● **The task**: Word for word, restate the lines of the listing below from the line with "改性懸浮填料 有以下顯著特點" through the line with "perfect for suites!", and do not include the pictures.

● **Dataset records**:
BEGIN

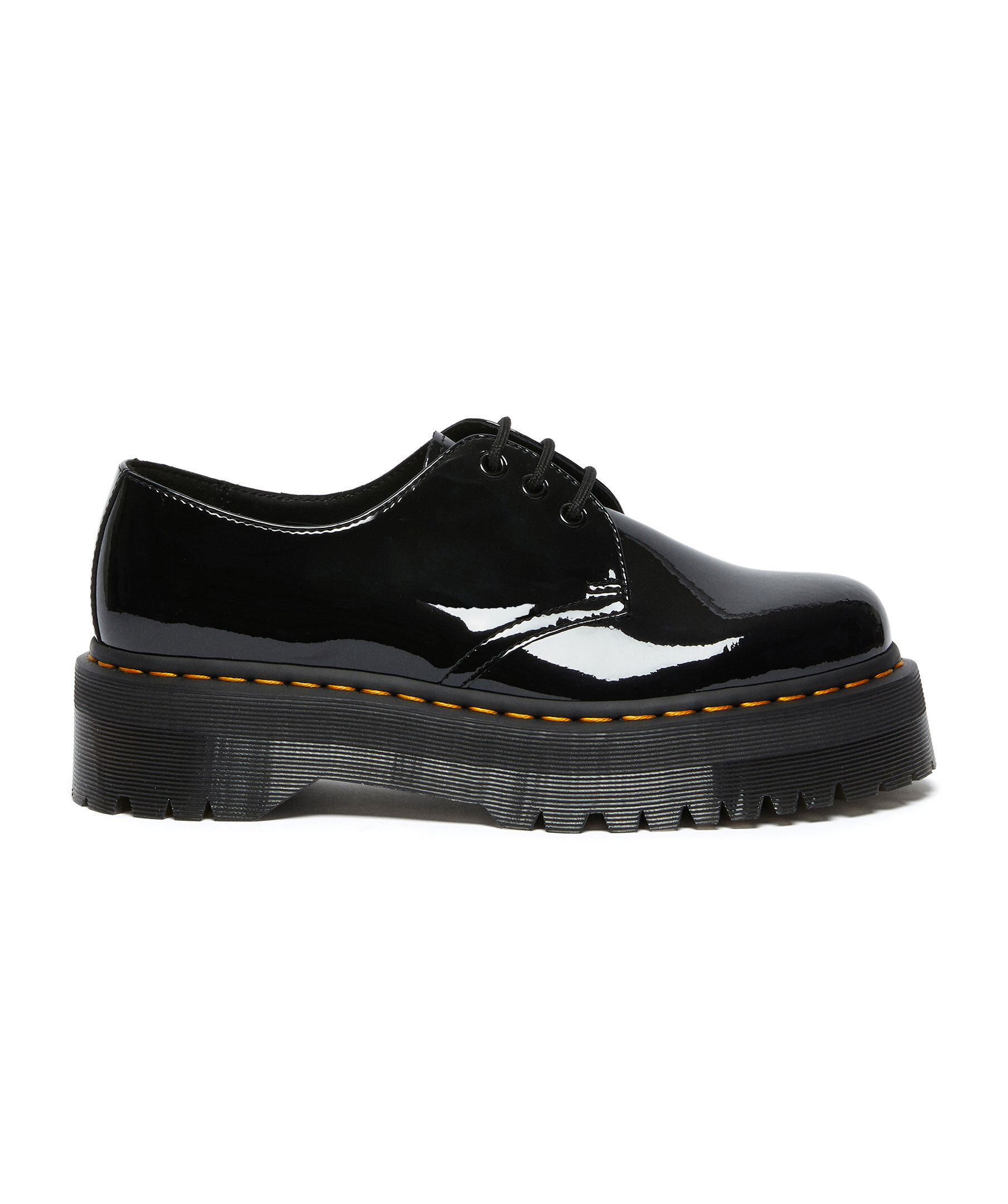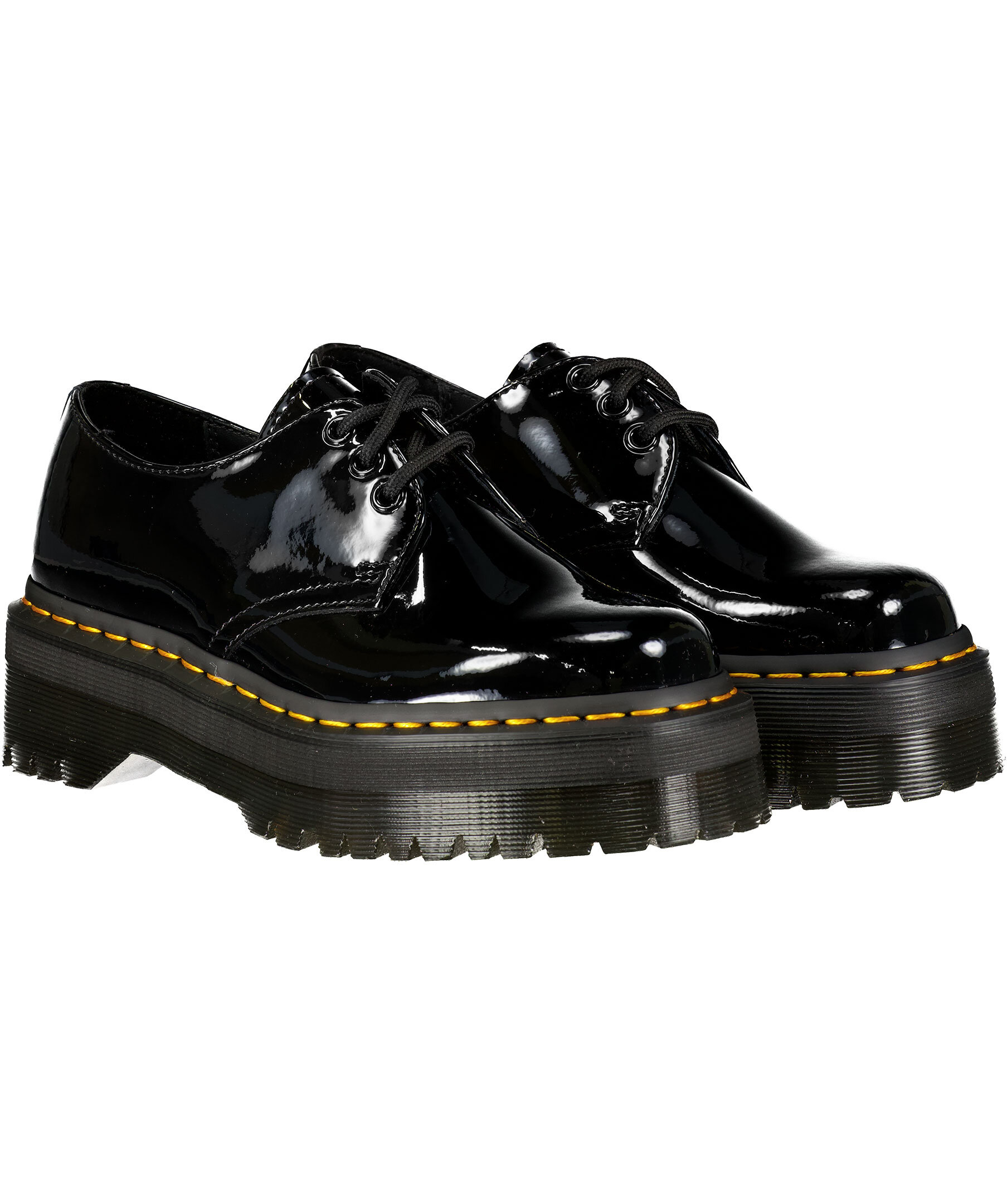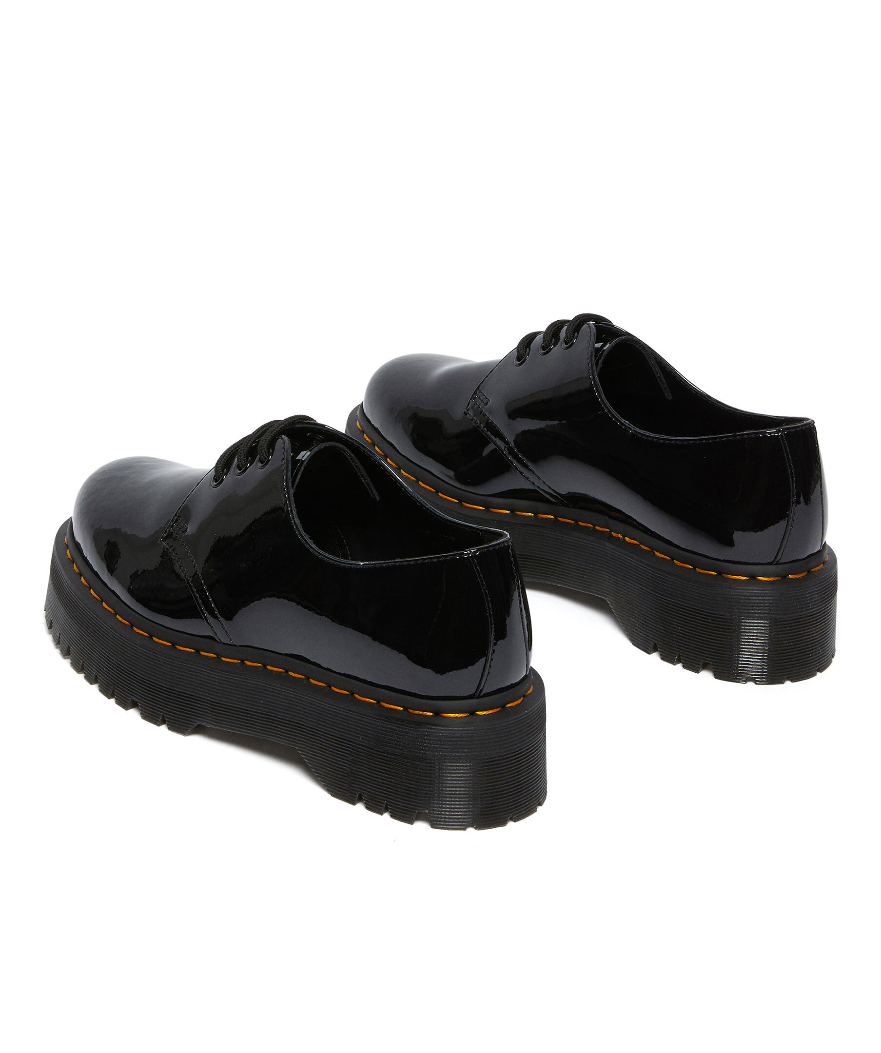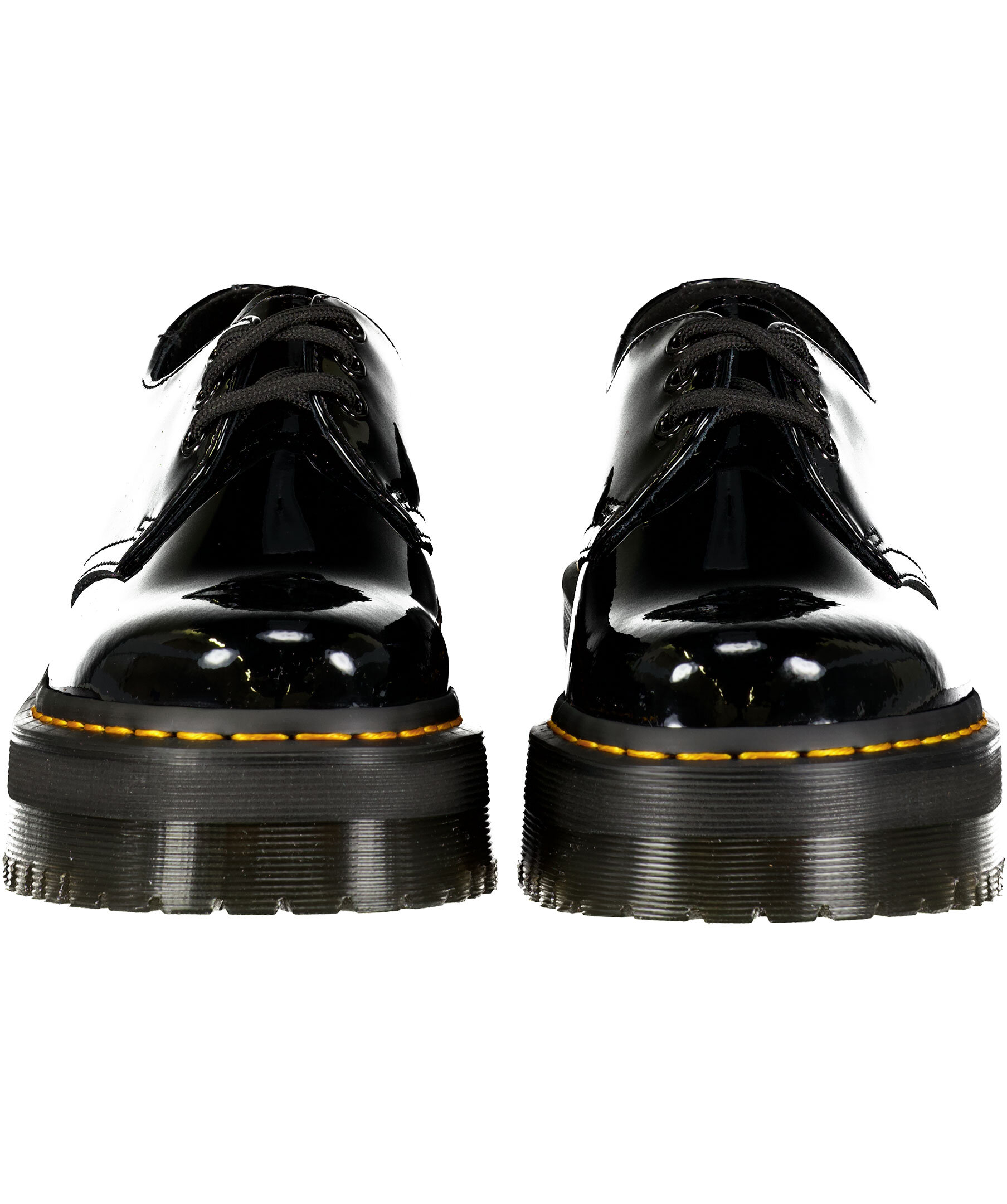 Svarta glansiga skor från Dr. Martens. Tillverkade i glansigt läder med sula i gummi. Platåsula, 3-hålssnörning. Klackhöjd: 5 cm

END
BEGIN

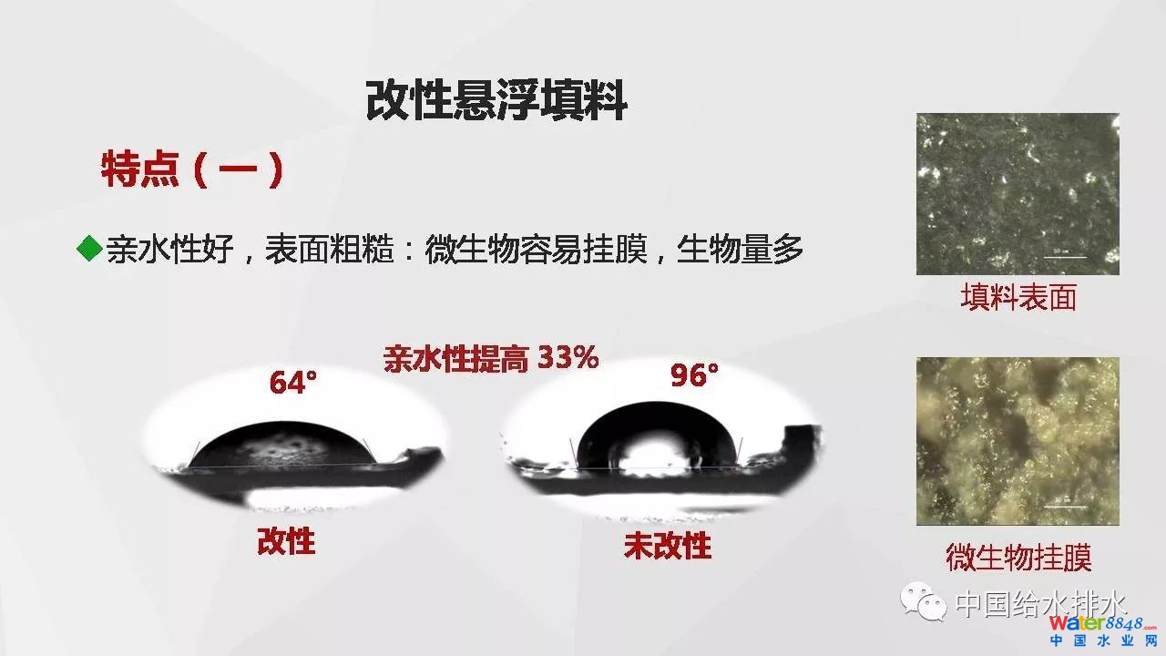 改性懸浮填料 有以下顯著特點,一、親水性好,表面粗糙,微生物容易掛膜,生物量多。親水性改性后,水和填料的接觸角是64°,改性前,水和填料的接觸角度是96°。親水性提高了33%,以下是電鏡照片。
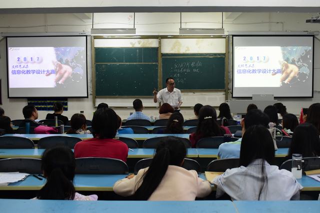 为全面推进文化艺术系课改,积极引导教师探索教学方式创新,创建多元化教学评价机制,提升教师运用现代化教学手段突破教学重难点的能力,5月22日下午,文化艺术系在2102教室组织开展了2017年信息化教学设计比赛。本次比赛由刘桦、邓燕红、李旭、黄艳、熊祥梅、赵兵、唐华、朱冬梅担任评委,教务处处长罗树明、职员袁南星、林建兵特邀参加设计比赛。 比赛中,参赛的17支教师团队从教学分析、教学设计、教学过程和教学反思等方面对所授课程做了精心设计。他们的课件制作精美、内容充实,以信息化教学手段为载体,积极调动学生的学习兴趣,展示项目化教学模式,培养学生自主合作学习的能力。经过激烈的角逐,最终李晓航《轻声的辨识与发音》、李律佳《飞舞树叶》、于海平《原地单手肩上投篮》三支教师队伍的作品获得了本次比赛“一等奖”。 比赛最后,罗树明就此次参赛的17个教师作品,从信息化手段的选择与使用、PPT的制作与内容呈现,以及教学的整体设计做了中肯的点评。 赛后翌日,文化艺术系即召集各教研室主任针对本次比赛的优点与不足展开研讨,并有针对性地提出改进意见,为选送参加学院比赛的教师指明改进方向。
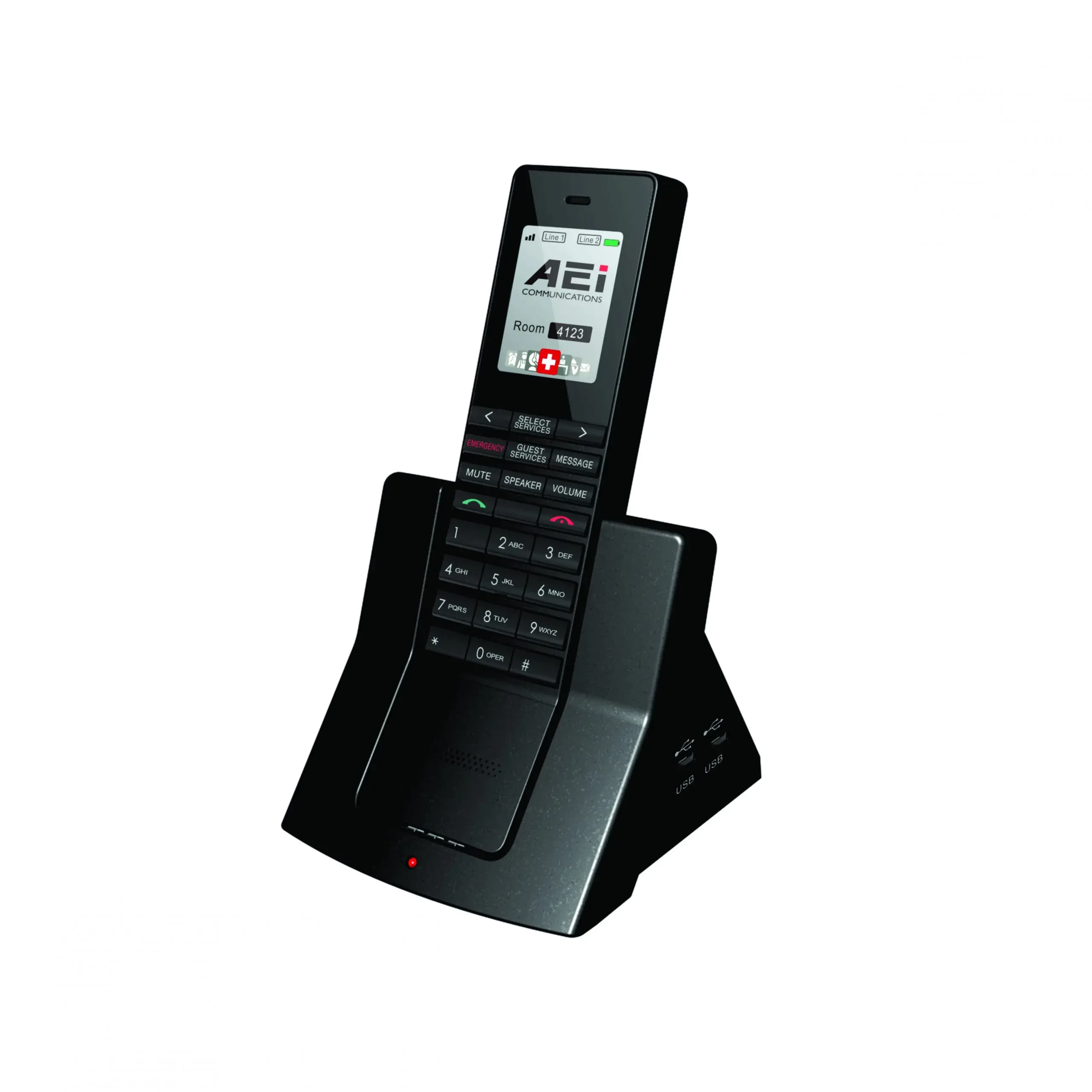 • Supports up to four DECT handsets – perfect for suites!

END

● **Result for this exercise**:
 改性懸浮填料 有以下顯著特點,一、親水性好,表面粗糙,微生物容易掛膜,生物量多。親水性改性后,水和填料的接觸角是64°,改性前,水和填料的接觸角度是96°。親水性提高了33%,以下是電鏡照片。
 为全面推进文化艺术系课改,积极引导教师探索教学方式创新,创建多元化教学评价机制,提升教师运用现代化教学手段突破教学重难点的能力,5月22日下午,文化艺术系在2102教室组织开展了2017年信息化教学设计比赛。本次比赛由刘桦、邓燕红、李旭、黄艳、熊祥梅、赵兵、唐华、朱冬梅担任评委,教务处处长罗树明、职员袁南星、林建兵特邀参加设计比赛。 比赛中,参赛的17支教师团队从教学分析、教学设计、教学过程和教学反思等方面对所授课程做了精心设计。他们的课件制作精美、内容充实,以信息化教学手段为载体,积极调动学生的学习兴趣,展示项目化教学模式,培养学生自主合作学习的能力。经过激烈的角逐,最终李晓航《轻声的辨识与发音》、李律佳《飞舞树叶》、于海平《原地单手肩上投篮》三支教师队伍的作品获得了本次比赛“一等奖”。 比赛最后,罗树明就此次参赛的17个教师作品,从信息化手段的选择与使用、PPT的制作与内容呈现,以及教学的整体设计做了中肯的点评。 赛后翌日,文化艺术系即召集各教研室主任针对本次比赛的优点与不足展开研讨,并有针对性地提出改进意见,为选送参加学院比赛的教师指明改进方向。
 • Supports up to four DECT handsets – perfect for suites!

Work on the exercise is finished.